Infatti, la storia del diamante evidenzia come molti proprietari del Koh-i-Noor – Shah Shuja tra loro – abbiano sofferto nei modi più spaventosi. I suoi proprietari sono stati variamente accecati, avvelenati lentamente, torturati a morte, bruciati nel petrolio, minacciati di annegare, ricoperti di piombo fuso, assassinati dalle loro stesse famiglie e guardie del corpo, hanno perso i loro regni e sono morti nella miseria. Anche gli oggetti inanimati associati alla gemma sembrano essere stati colpiti; testimoniano l’epidemia di colera e le tempeste che hanno quasi affondato la nave Medea mentre trasportava il Koh-i-Noor in Inghilterra, falciando passeggeri ed equipaggio.
Anche se non è mai stato il più grande diamante indiano, conserva una fama e una celebrità ineguagliate da qualsiasi suo rivale più grande o più perfetto.

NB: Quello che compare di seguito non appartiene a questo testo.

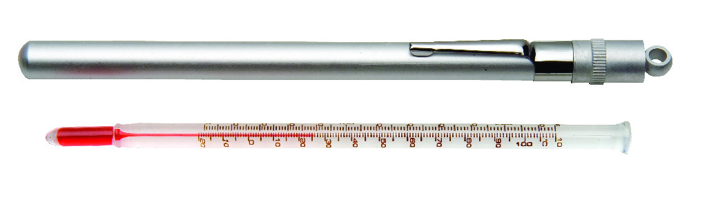 Pocket glass thermometers feature permanently fused markings that are easy to read against the thermometer background. These thermometers come with a heavy-duty case, compact size, and glass fabrication.
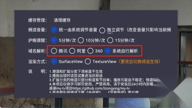 ourtv没有直接自定义直播源入口,不过可以切换域名解析。目前支持腾讯、阿里、360以及系统自行解析这4种方式。
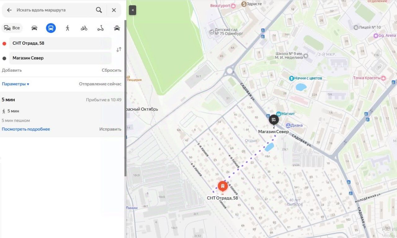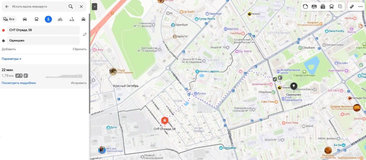 5 минут пешком через СНТ до автобусных остановок на Садовой улице, 22 минуты пешком до центра Одинцово или станциии Отрадное Белорусского направления.
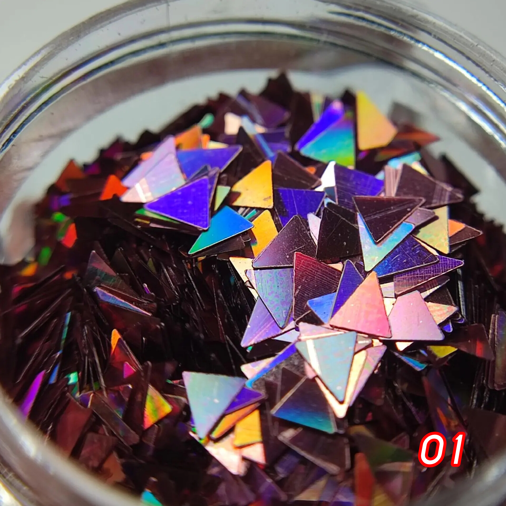 Дизайн для ногтей в виде голографических треугольников. Хорошо ложатся на непрос...
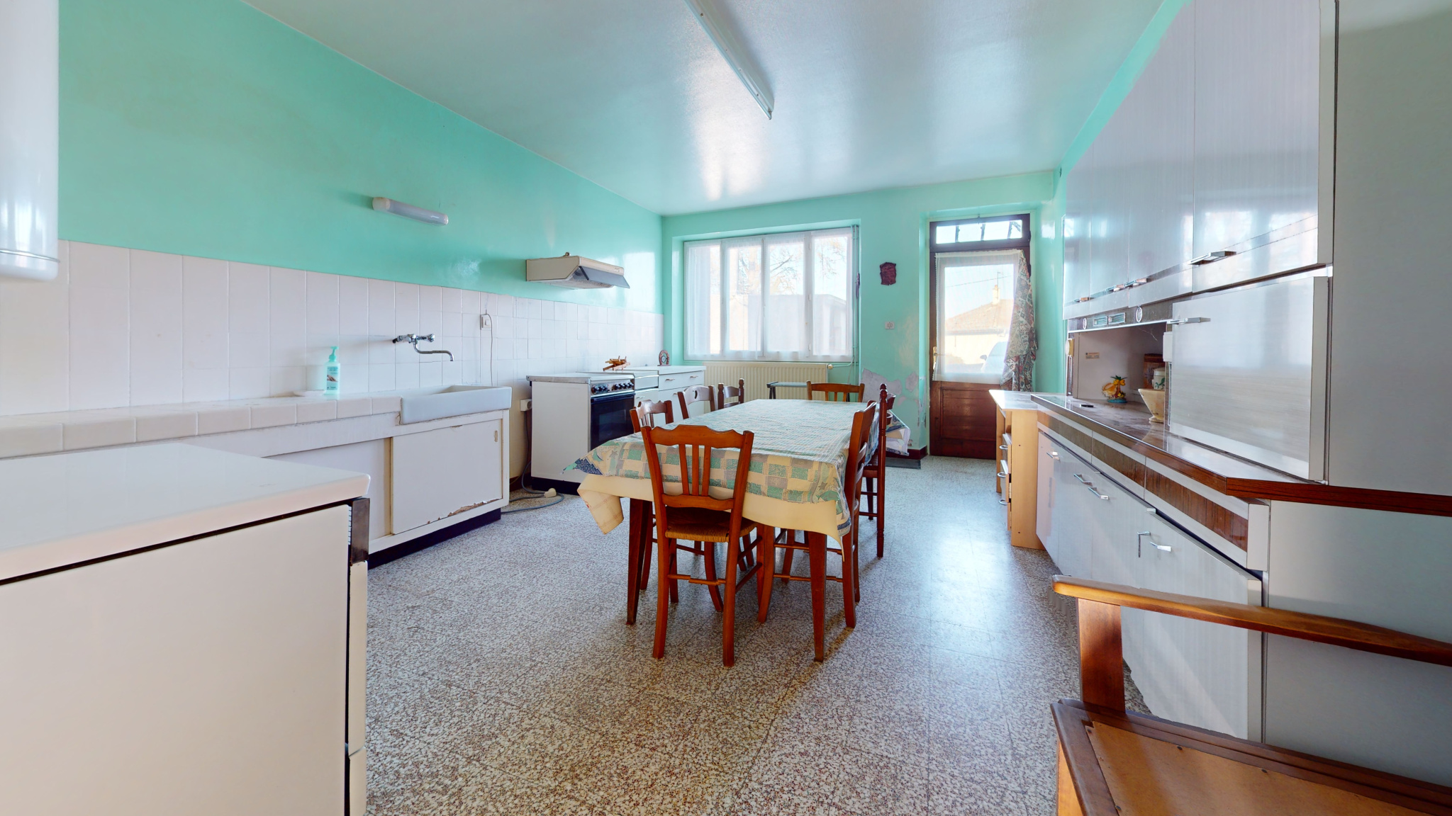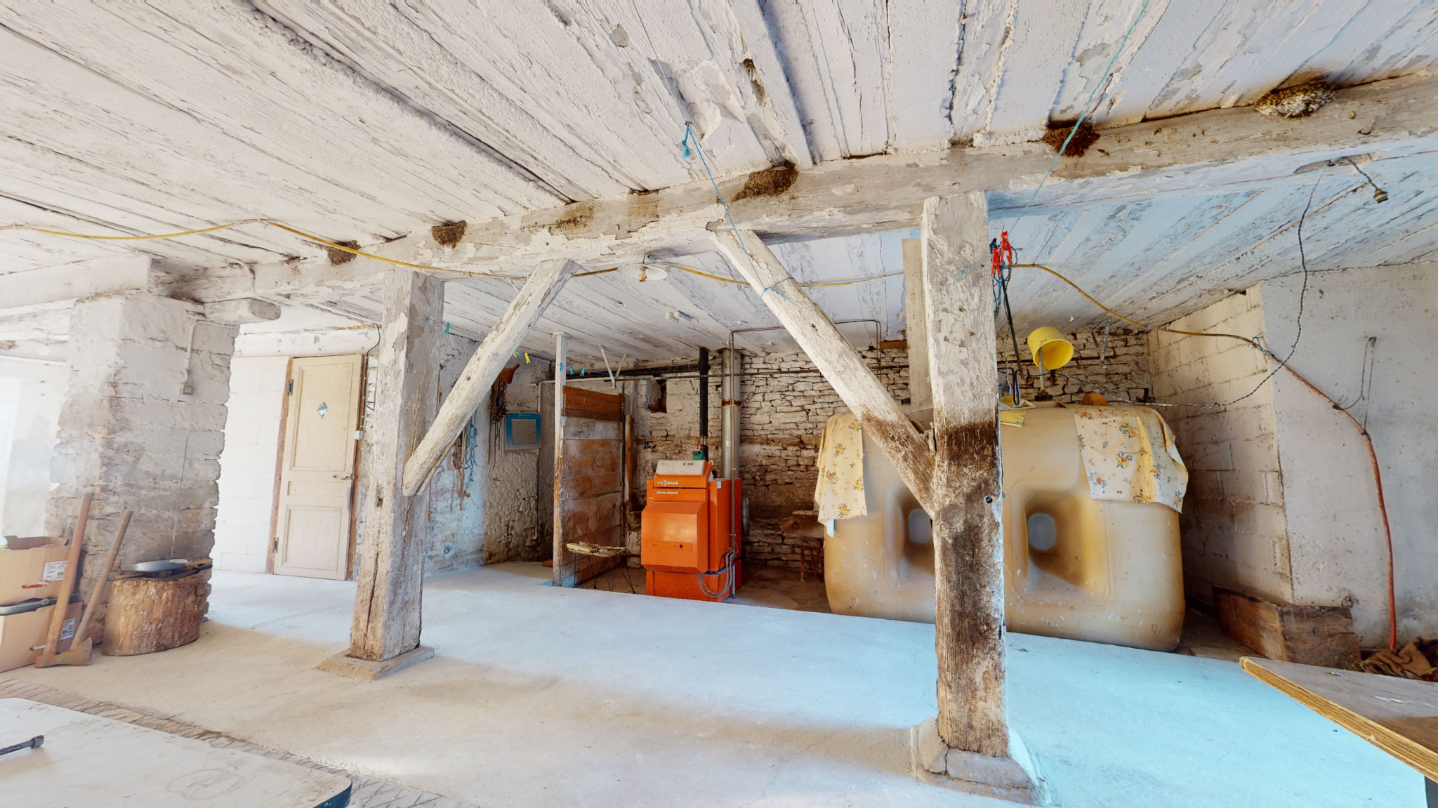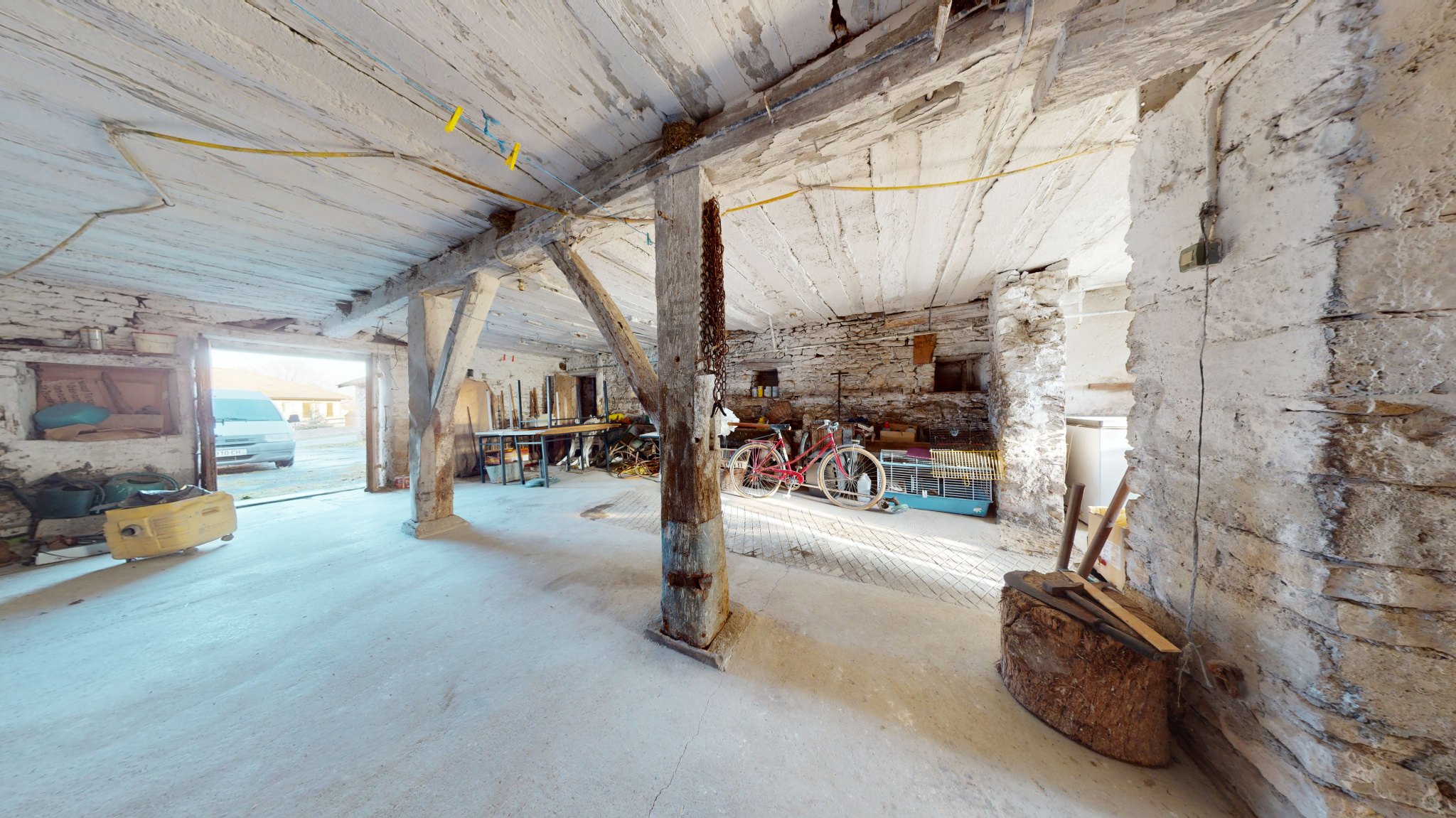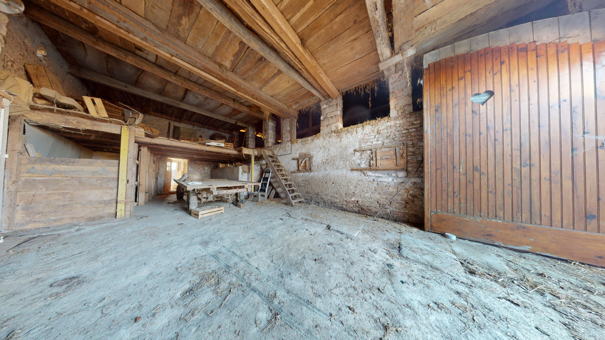 Cette bâtisse dispose d'un logement de 94 m2 comprenant une cuisine, salon-séjour, 2 chambres, toilettes,salle d'eau, granges (150 m2).

Questo lo ha reso il centro delle recenti richieste di risarcimento per il saccheggio coloniale, e ha messo in moto ripetuti tentativi di farlo tornare nelle sue varie case precedenti.
La storia del Koh-i-Noor continua a sollevare importanti questioni storiche ma anche contemporanee, essendo in molti modi un parafulmine per gli atteggiamenti verso il colonialismo. La presenza stessa del diamante nella Torre di Londra pone la domanda: Qual è la risposta giusta al saccheggio imperiale? Dobbiamo semplicemente scrollarcelo di dosso come parte dell’asprezza della storia o dovremmo tentare di rimediare ai torti del passato? Una volta indossato sul turbante di Ranjit Singh, sul bracciale di Duleep Singh e sul diadema della regina Vittoria, è ora rinchiuso nella Torre di Londra dove continua a suscitare passioni, poiché India, Iran, Pakistan, Afghanistan e talebani lo reclamano come un tesoro nazionale e ne chiedono la restituzione.
Come la leggendaria gemma Syamantaka dei Purana, con cui molti l’hanno identificata, il Koh-i-Noor non ha perso nulla della sua straordinaria capacità di creare discordia intorno a sé.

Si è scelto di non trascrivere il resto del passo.